Era como si hablara con otra persona, como si Byron observara la escena desde fuera, temiendo lo que vendría a continuación. Pero su madre no dijo una sola palabra más. Lo que sí hizo fue empezar a temblar. Encorvó la espalda para detener los espasmos, en vano, y todo su cuerpo empezó a sacudirse con aquel movimiento, un no-no-no, del que hasta su ropa pareció contagiarse. Byron se quitó el albornoz y se lo puso sobre los hombros. En ese momento tuvo la extraña sensación de que era literalmente más alto que su madre, de que había crecido en el tiempo que habían pasado junto al fuego. Ella le cogió la mano.

—Tienes que volver a la cama, tesoro —dijo—. Mañana hay clase.

Mientras regresaban a la casa, cruzando el prado y luego el jardín, la silueta cuadrada de la vivienda se recortaba sobre el negro promontorio del páramo. Las ventanas relucían como cristaleras en la oscuridad.
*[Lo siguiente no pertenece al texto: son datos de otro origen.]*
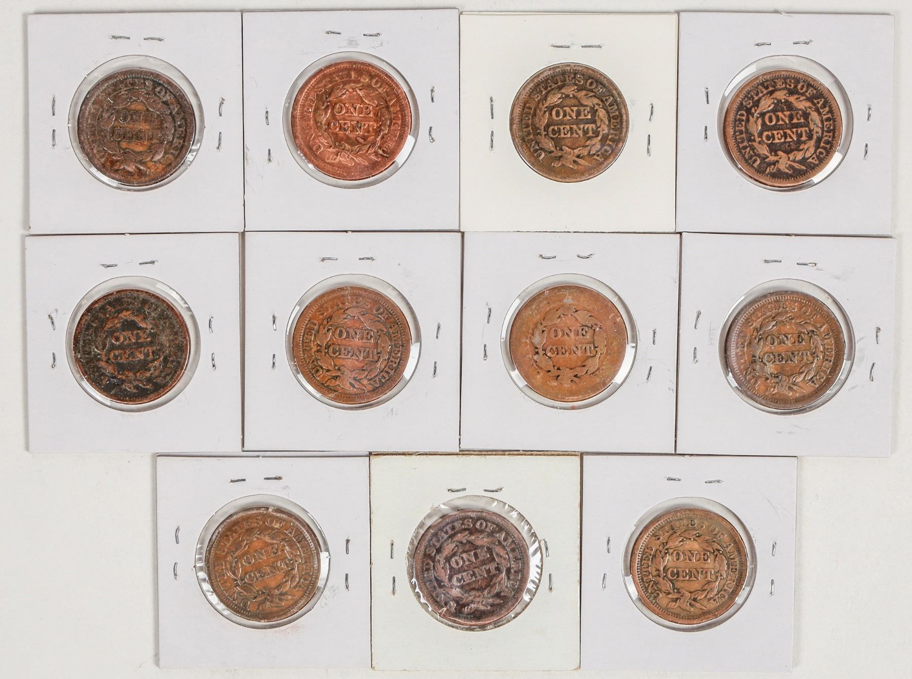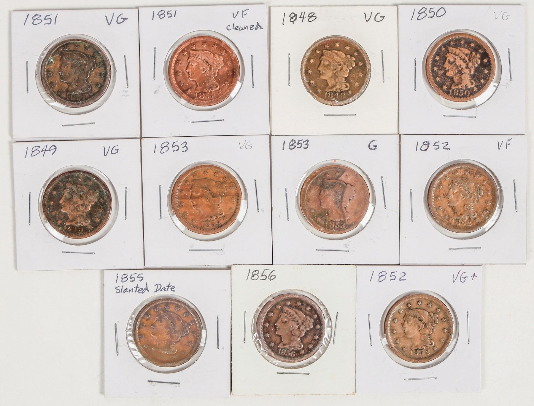 Eleven Braided Hair large cents: 1848 (VG); 1849 (VG); 1850 (VG); 1851 VF, cleaned); 1851 (VG); 1852 (VG); 1852 (VF); 1853 (G); 1853 (VG); 1855 (G-VG); 1856 (G-VG).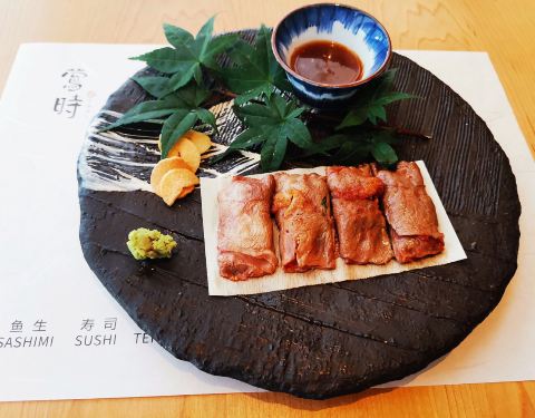 「澳洲和牛薄烧」推荐三分熟和五分熟的口感,牛肉卷里面也是暗藏玄机,搭配了飞鱼籽,享受口中爆汁的感觉!和牛薄烧建议四吃,一吃原味的,二吃可以搭配蒜片,三吃可以加芥末,四吃建议搭酱汁。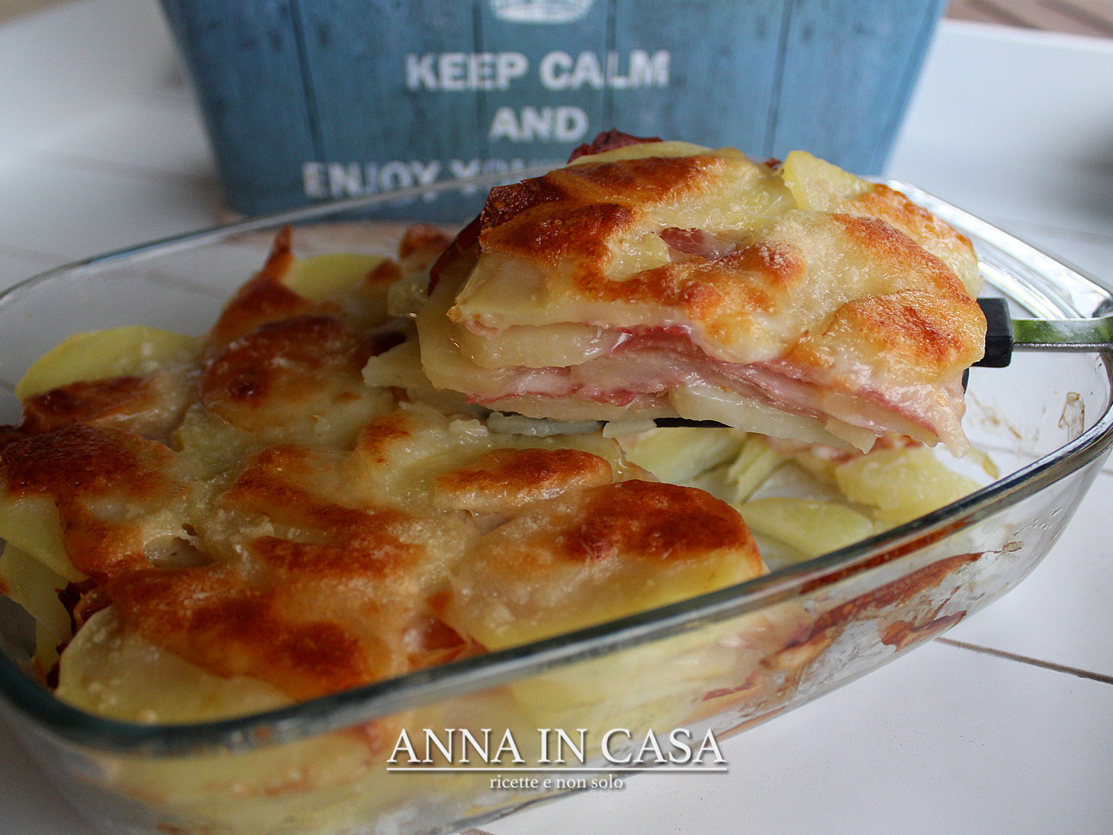 Lavare e sbucciare le patate, tagliarle a fettine sottili e scottarle in acqua salata a leggero bollore per 5 minuti.

Pasaron por delante del estanque, en cuya orilla se adivinaba el contorno borroso de las ocas. Su madre resbaló con los tacones, como si se hubiese descoyuntado la articulación del tobillo, y Byron alargó el brazo para que no perdiera el equilibrio.

Pensó en su amigo. Pensó en el escarabajo de la suerte de James y en su plan de acción. Pensó en la recolecta para el tapacubos. Juntos, James y él serían como el albornoz que cubría los hombros de su madre. La protegerían.

—Todo saldrá bien —le aseguró—. No tienes nada que temer.

La condujo hasta la casa y la acompañó escaleras arriba.

Cuando Byron fue a mirar a la mañana siguiente, la ropa de su madre se había convertido en una pila de cenizas.